High Court must uphold India’s child protection law – The Journal


Bitter custody battles for Native American children have reached the U.S. Supreme Court, which will consider biology versus a child’s best interests, as well as culture and attachment.

At the heart of the argument is the constitutionality of the Indian Child Welfare Act of 1978, which prioritizes the placement of Indian children with relatives, other Native Americans, or a tribe to reinforce tribal identity. The ICWA was intended to heal the wounds caused by social workers and adoption agencies for forcibly removing 25-35% of Indigenous children and placing them with white families or group homes.

The ICWA covers Native American children who live off reservations, which places them under the jurisdiction of the state. The tribe has a say. If a biological family is deemed unfit, the tribe may find an extended family, then an unrelated tribal family, and finally another tribe. A judge can reject the tribe’s nominee for “clear and compelling” reasons.

Now the law is likely to fall. Opponents of ICWA say it is a race-based system defined by a child’s genetics and ancestry that ignores equal protection. We hope, however, that the ICWA survives judicial scrutiny.

The Supreme Court has consolidated four cases under Haaland v. Brackeen, which are expected to appear on the docket during the October 2022-2023 period.
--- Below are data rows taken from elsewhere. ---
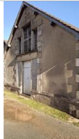
Vue sur le site
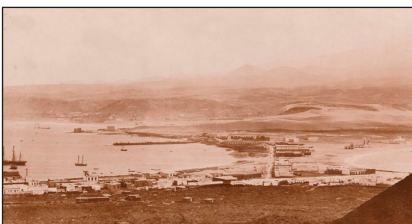
Vista de Las Palmas de Gran Canaria y puerto.
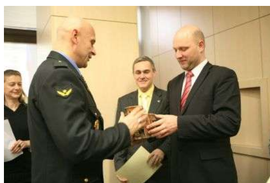
Přebírání ceny prevence kriminality
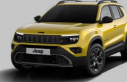
GÜNEŞ SARISI (METALİK)
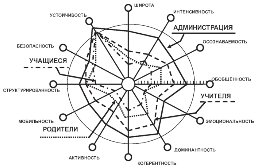
Рис. 4. Оценка параметров образовательной среды различными категориями членов образовательного сообщества («эффект матрешки»)

«экспертных оценок» учащихся в большинстве случаев не превышают уровень «ниже среднего», а часто находятся на «низком» уровне. Характерно, что показатели восприятия школьной среды родителями, как правило, располагаются между показателями педагогов и учащихся, т.е. в диапазоне «среднего» и «ниже среднего» уровней (рис. 4).
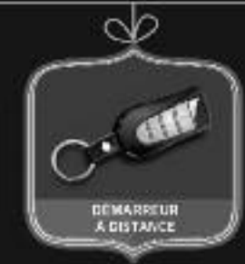
DÉMARREUR À DISTANCE
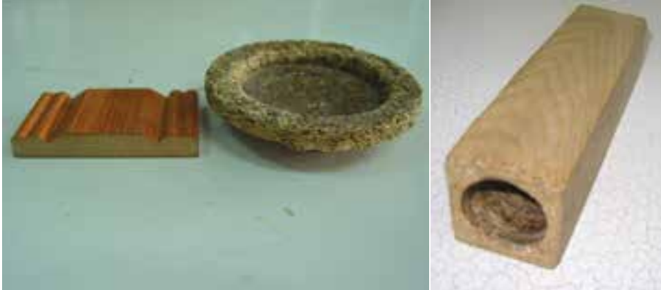
شکل ۷۹-۱- نمونه‌هایی از فرآورده‌های قالبی چوب
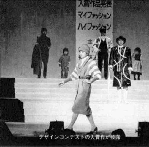
デザインコンテストの入賞作が披露
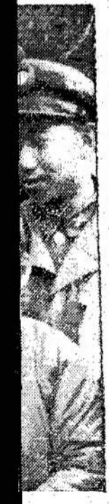
uo metų, buvo "ne- a.
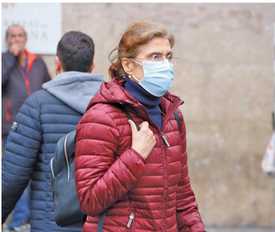
Es tracta d'una mesura que ja es va implementar durant l'estat d'alarma.
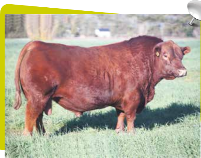
CARRILERO BRIGADIER X REAR END

✉ www.ciado.com @ ciadosh@gmail.com 📞 +549 2923 - 458690 📠 02924 - 420307
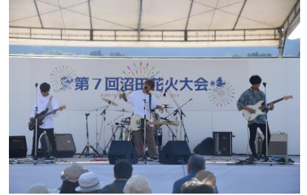
地域交流イベントでは、初の高校生バンドによる演奏やダンス、太鼓の演奏等の発表を行いました。
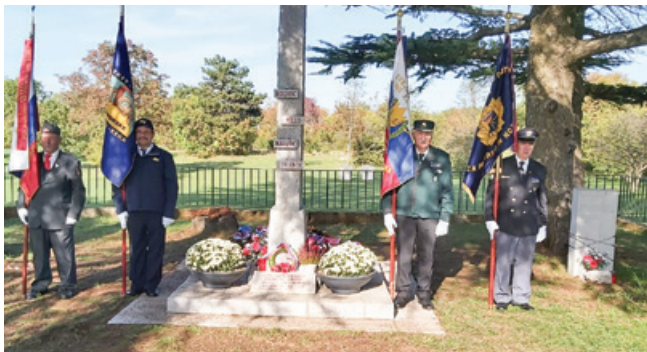
Praporščaki pri spomeniku bazoviškim žrtvam

Delegacije kraških občin, ki so jo sestavljali predstavniki ZZB NOB Sežana in Komen, PVD SEVER za Primorsko in Notranjsko, OZVVS Krasa in Brkinov
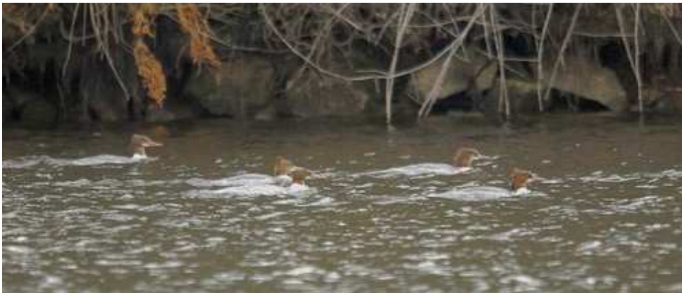
Photo 6 : Harles bièvres, Mergus merganser , Saint-Pardoux (87), décembre 2010

Un afflux de Harles bièvres est survenu lors de l'hiver 2010/2011 à nos latitudes, on notera que tous les oiseaux cités sont de type femelle.
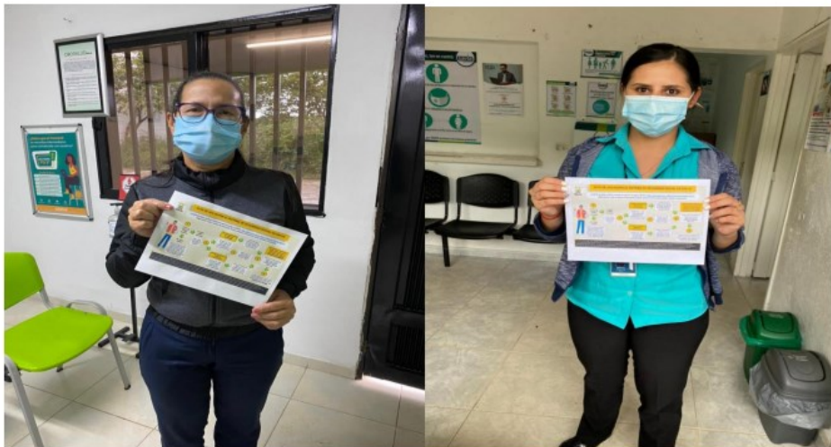
Socialización de la Ruta con las EPS Municipio COOSALUD Y SAVIA SALUD.
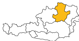
Diözese St. Pölten
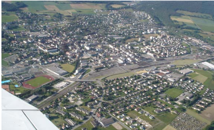
Les photos aériennes permettent de mieux voir les espaces non construits dans le tissu bâti ainsi que l'importance de la maison individuelle.

A long terme, cette politique d'agglomération se traduira par un instrument d'aménagement du territoire concret : le plan directeur régional. L'élaboration d'un tel instrument constitue une excellente opportunité pour évaluer les atouts spécifiques d'une entité territoriale et initier une dynamique de valorisation dans différents domaines (urbanisation, transports et communications, nature et paysage, environnement, approvisionnement et gestion des déchets).
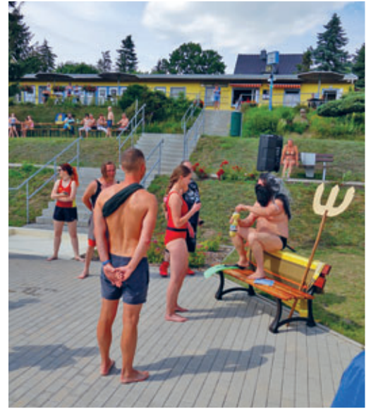
Das Badfest war trotz starkem Wind ein voller Erfolg.

Seven people and three states – Texas, Indiana and Louisiana – are challenging the law. Plaintiffs say ICWA requires state officials to set aside the norm of doing what is best for the child. They say it violates the Constitution’s promise of equal protection.

“The ICWA operates as a unified system that places ‘Indian children’ at a disadvantage, depriving them of a placement decision based on their best interests and instead requiring placements ‘based on the biology of the child’ , the individual plaintiffs said in their filing.

In September 2021, in her official capacity, U.S. Secretary of the Interior Deb Haaland, a Pueblo de Laguna member and 35th-generation New Mexican, petitioned the High Court to enforce the ICWA.

Overthrowing the ICWA would undermine the sovereign rights of the tribes. Cancellation of this law could threaten guardians of tribal water and land rights, as well as casinos. ICWA is more than a law. It involves a promise that the harm caused by forced assimilation will not happen again.

In 2013, in a 5-4 decision, the Supreme Court ruled in Adoptive Couple v. Baby Girl that Veronica’s 3-year-old biological father, Dusten Brown, a member of the Cherokee Nation, did not have parental rights under ICWA because he “abandoned the (American) Indian child before he was born and never had custody of the child.” In his concurring opinion, Justice Clarence Thomas said that by adopting the ICWA, the federal government may have interfered in family law, a subject constitutionally reserved for the states. The high court overturned a 2011 decision by the South Carolina courts, which ruled that under ICWA the child should be returned to his biological father.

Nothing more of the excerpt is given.